SNP, SUP and Citizens Democracy Watch were being represented by Lawyer Anthony Derjacques while Dhanjee’s attorney was Alexia Amesbury.
One of the lawyers, Derjacques has expressed satisfaction with the judges’ ruling.
“…the constitutional court has been extremely progressive and has applied best constitutional standards worldwide and has prevented a law that hinders people’s rights in Seychelles from being implemented,” he said in an interview with SNA.
Some of the sections which Derjacques said was very important which the Court found to be unconstitutional include Section 3, which allows the Commissioner of Police to be subject to general or special directions from the Home Affairs Minister, as well as section 5 through section 9 which tightly regulates public gatherings, processions and rallies.
Section 24, which states that the President has the power to impose a curfew, meaning that no person would be allowed outdoors between prescribed hours, and section 29 which allows for the seizure of camera footage of law enforcement activities and officials were also both deemed to violate the provisions of the constitution.
Expressing herself on the outcome of the case Amesbury said there are two main rights that have been most violated by sections of the POA, that were being challenged.
“The two rights that have been most violated is article 22 and 23 which is the freedom to assembly and the right to freedom of expression…If a country does not have those two rights it cannot call itself a democracy because those two rights are fundamental and they are cornerstones to a democracy,” said Amesbury in an interview aired by the national television, the Seychelles Broadcasting corporation (SBC) this evening.

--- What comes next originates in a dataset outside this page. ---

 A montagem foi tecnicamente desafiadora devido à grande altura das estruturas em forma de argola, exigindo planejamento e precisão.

One area however, where the Judges did not rule in favour of the petitioners relates to the appeals board, which consists of five members appointed by the president to hear appeals against the decisions of the Police Commissioner. The Judges’ rejected the petitioners’ claims that the board was neither impartial nor independent.

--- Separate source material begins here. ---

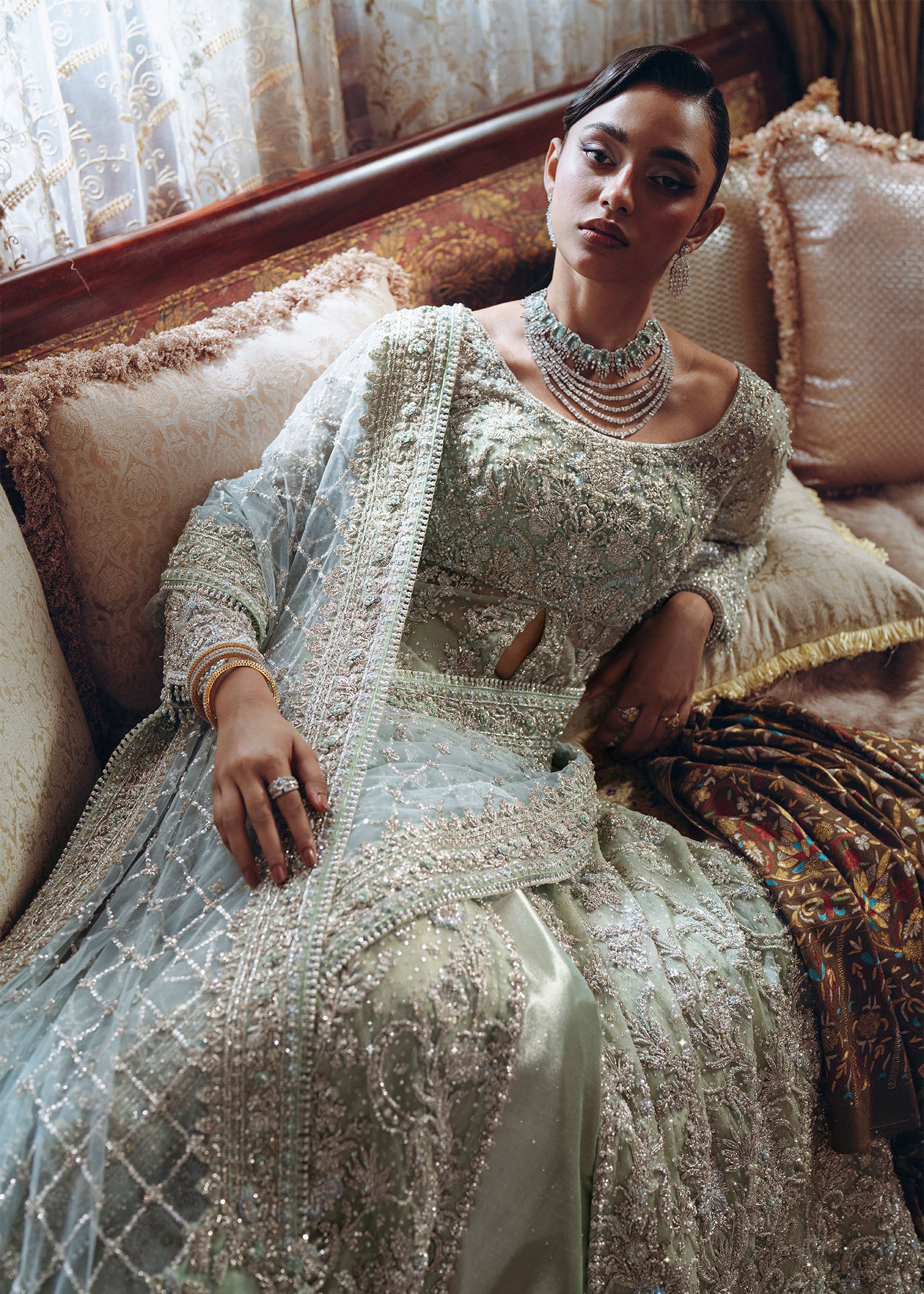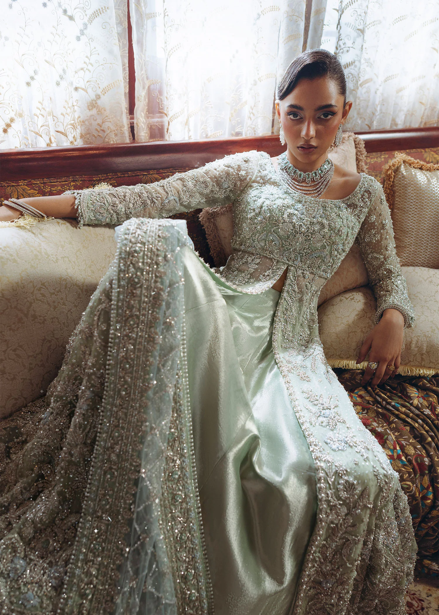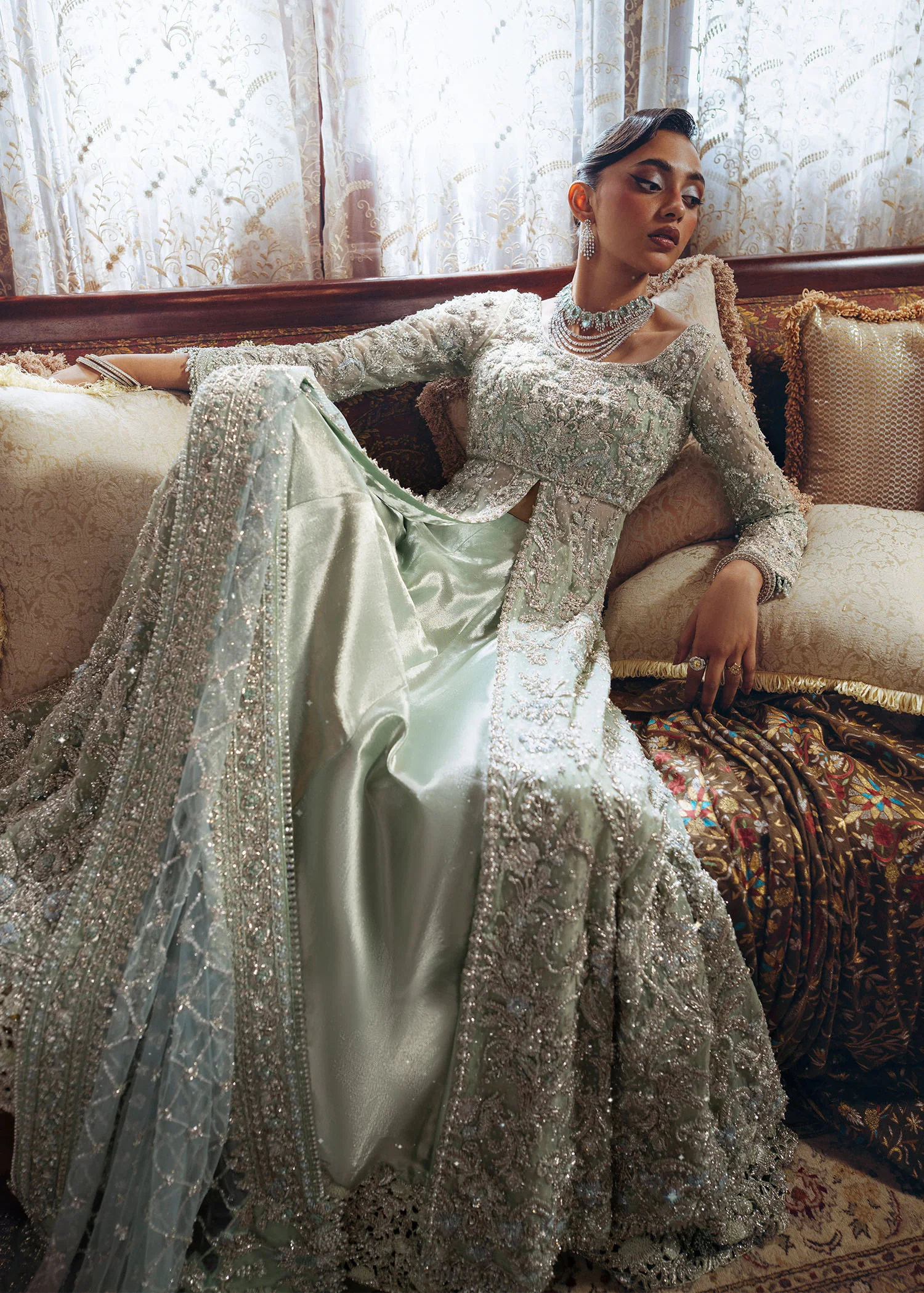 This set is a graceful fusion ensemble in calming ice blue and mint tones, designed to embody elegance and softness through delicate fabrics and refined handcrafted embellishment.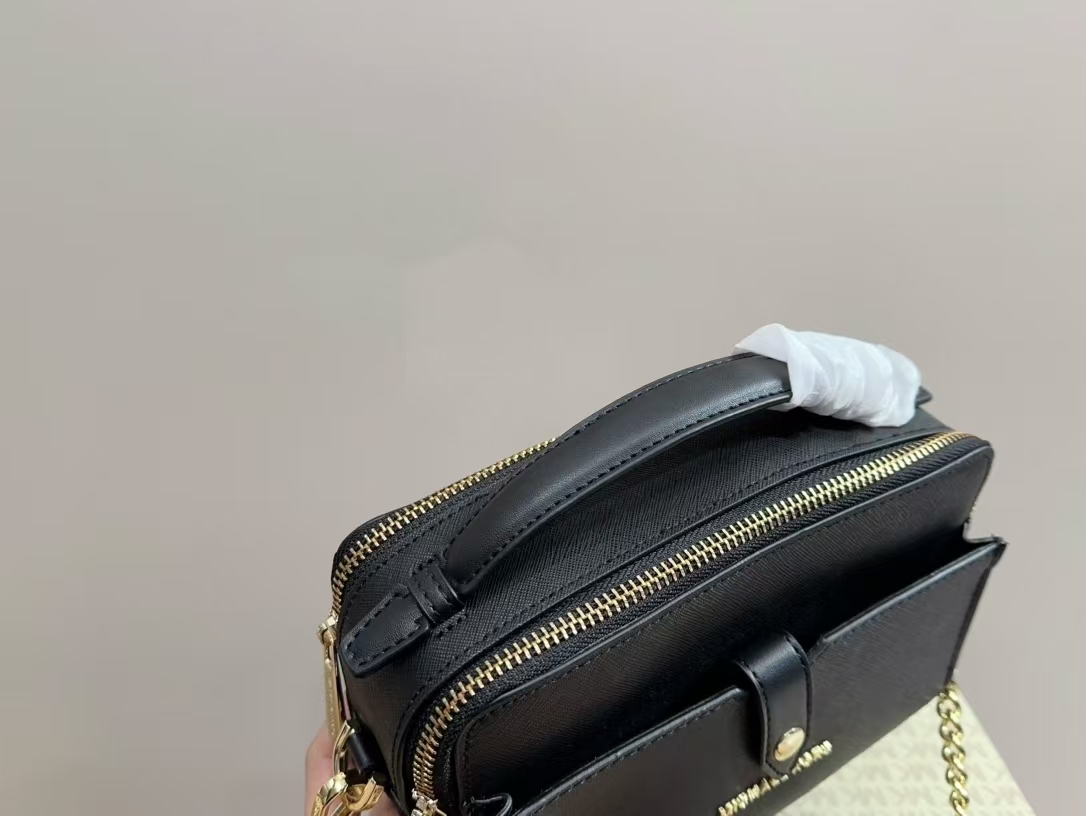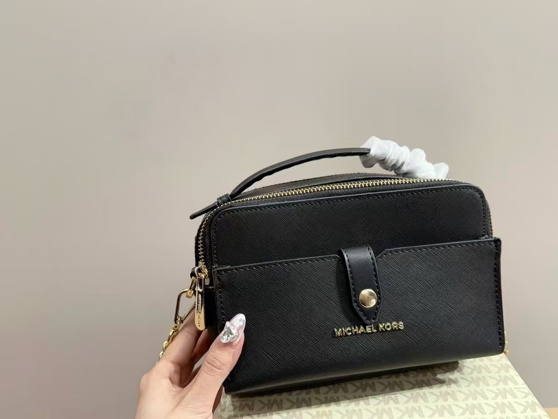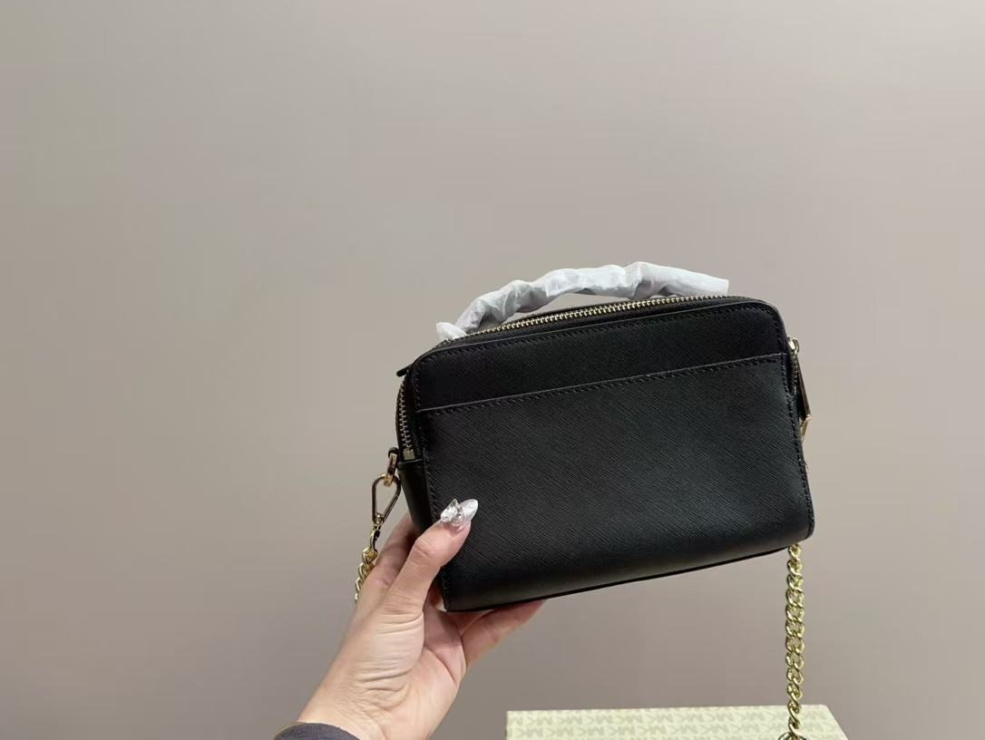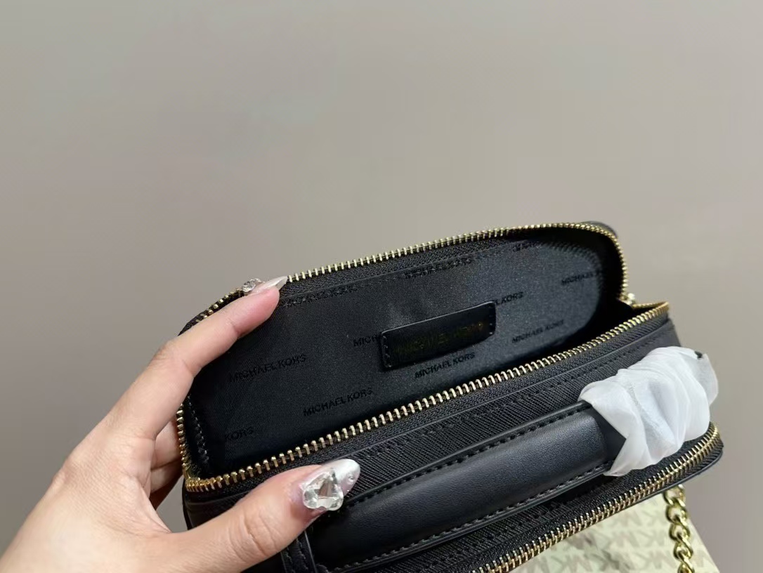 Michael Kors MK高級時髦相機包,採用精緻的黑色皮革材質,外觀典雅而現代,展現出品牌一貫的高端品味。mk 包包設計靈感來自相機包的經典款式,簡約而實用,內部空間充足,適合收納手機、錢包、化妝品等日常必需品。精細的金屬配件與品牌標誌,增添了獨特的時尚感,無論是日常通勤還是外出聚會,都能輕鬆搭配,彰顯個人品味與格調。這款Michael Kors 相機包兼具實用與時尚,無論何時何地都能成為您造型的亮點。

Derjacques has now recommended that the Electoral Commission’s initial inputs during the stakeholders consultations should be reconsidered, to put in place a new and modern public order act.
For the Attorney General who was representing the government in the case, the ruling has left them with two options.

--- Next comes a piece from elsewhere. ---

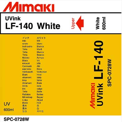 Mimaki LF-140 ink White 600ml. Manufacturer Part Number: SPC-0278W.UV curable ink for large format inkjet printer / plotter.

“Either we go to the National Assembly and ask for a revision and amendment of the Act to reflect the decision of the Constitutional Court or we appeal before the Court of Appeal…the judgment is quite lengthy, 78 pages long and written by four judges, so we need time to analyze it, especially on the legal standings. But at the moment our options remain open,” Govinden told SNA.
“The ruling demonstrates that there is democracy and good governance and separation of powers and that the Constitutional Court is playing its role as the court that is there to interpret the Constitution and if it feels that a law contradicts the constitution it has every right to rule that such and such sections are unconstitutional,” he added.
The Public Order Act 2013 consists of 39 sections of law.
The act was also criticized by the US government during the visit of the principal deputy assistant secretary of the Bureau of African Affairs in the US Department of State to the Indian Ocean archipelago in April last year.